• **What to do**
Set down, exactly and only, everything from the line containing "60分钟GMA-黄金波动轨指" down to the line containing "96 in. x 96" in the data below; the pictures are not part of the copy.

• **Records provided**
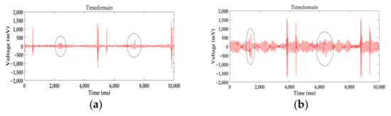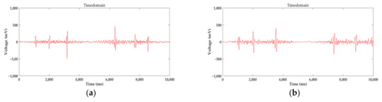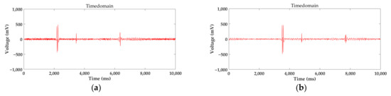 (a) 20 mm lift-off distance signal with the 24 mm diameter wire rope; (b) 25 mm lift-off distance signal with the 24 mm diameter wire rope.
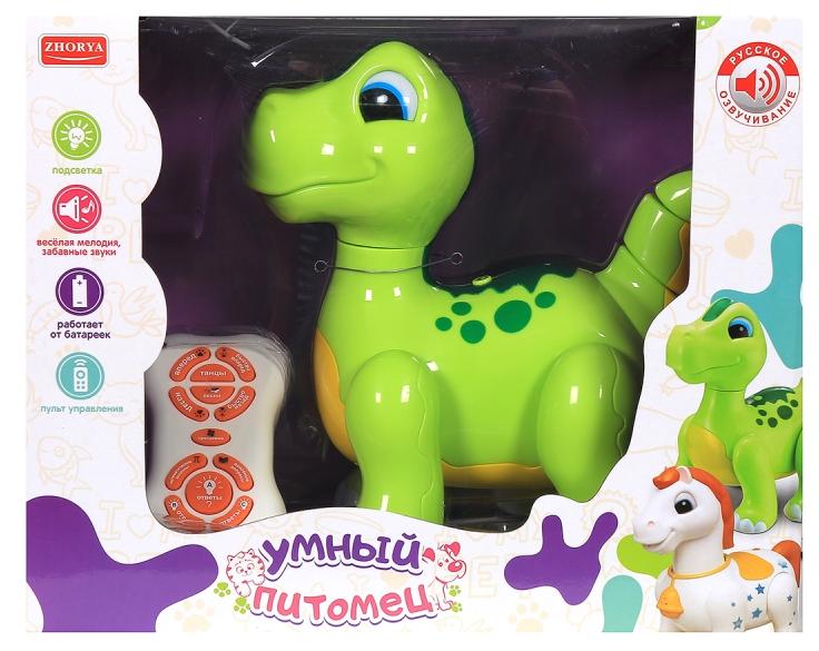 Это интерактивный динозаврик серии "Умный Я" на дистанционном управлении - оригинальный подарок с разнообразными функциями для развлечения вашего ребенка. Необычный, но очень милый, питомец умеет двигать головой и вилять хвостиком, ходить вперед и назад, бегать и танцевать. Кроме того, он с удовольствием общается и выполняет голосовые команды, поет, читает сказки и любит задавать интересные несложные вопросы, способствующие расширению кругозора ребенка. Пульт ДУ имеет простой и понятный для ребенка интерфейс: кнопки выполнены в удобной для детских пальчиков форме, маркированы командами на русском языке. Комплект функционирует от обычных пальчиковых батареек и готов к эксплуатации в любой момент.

--

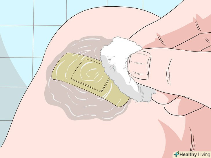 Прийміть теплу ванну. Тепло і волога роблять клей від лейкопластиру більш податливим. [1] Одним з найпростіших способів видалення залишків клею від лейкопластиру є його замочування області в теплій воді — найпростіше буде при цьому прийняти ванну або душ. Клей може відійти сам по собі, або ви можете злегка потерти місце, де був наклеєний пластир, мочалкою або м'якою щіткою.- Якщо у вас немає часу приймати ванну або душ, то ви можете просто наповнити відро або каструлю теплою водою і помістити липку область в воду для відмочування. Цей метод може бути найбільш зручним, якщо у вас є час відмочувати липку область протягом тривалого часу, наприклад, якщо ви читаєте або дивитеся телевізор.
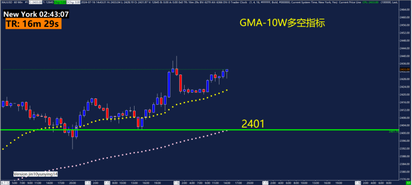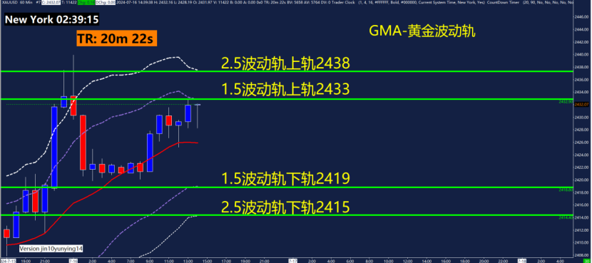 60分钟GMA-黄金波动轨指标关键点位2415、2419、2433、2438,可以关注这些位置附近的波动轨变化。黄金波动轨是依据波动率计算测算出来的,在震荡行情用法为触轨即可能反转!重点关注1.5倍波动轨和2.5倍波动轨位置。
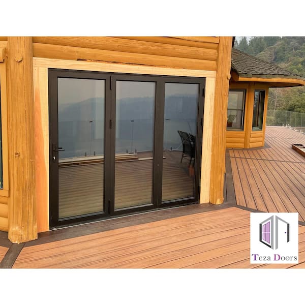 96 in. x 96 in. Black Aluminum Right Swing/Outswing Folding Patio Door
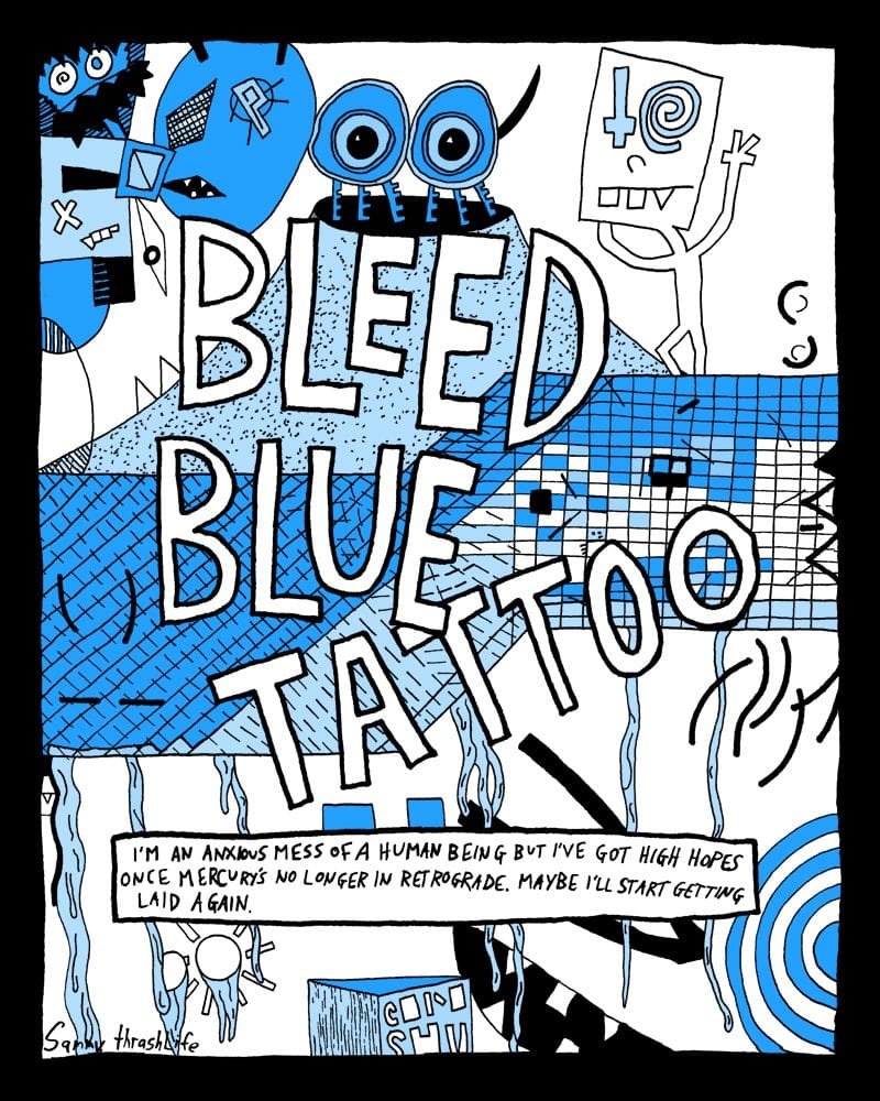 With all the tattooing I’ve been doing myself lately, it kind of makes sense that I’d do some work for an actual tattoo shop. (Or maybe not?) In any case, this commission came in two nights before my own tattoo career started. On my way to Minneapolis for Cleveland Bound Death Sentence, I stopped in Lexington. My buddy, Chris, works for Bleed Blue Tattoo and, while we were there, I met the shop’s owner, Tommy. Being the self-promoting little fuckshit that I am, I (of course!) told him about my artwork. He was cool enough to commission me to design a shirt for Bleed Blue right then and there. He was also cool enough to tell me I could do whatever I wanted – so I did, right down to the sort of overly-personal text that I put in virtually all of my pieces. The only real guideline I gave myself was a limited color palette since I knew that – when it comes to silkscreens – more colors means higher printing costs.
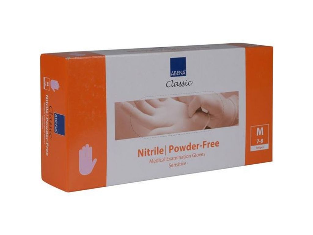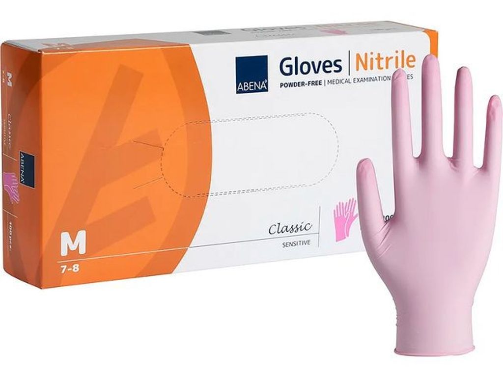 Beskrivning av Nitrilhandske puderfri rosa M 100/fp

• **Written solution**
 60分钟GMA-黄金波动轨指标关键点位2415、2419、2433、2438,可以关注这些位置附近的波动轨变化。黄金波动轨是依据波动率计算测算出来的,在震荡行情用法为触轨即可能反转!重点关注1.5倍波动轨和2.5倍波动轨位置。
 96 in. x 96 in. Black Aluminum Right Swing/Outswing Folding Patio Door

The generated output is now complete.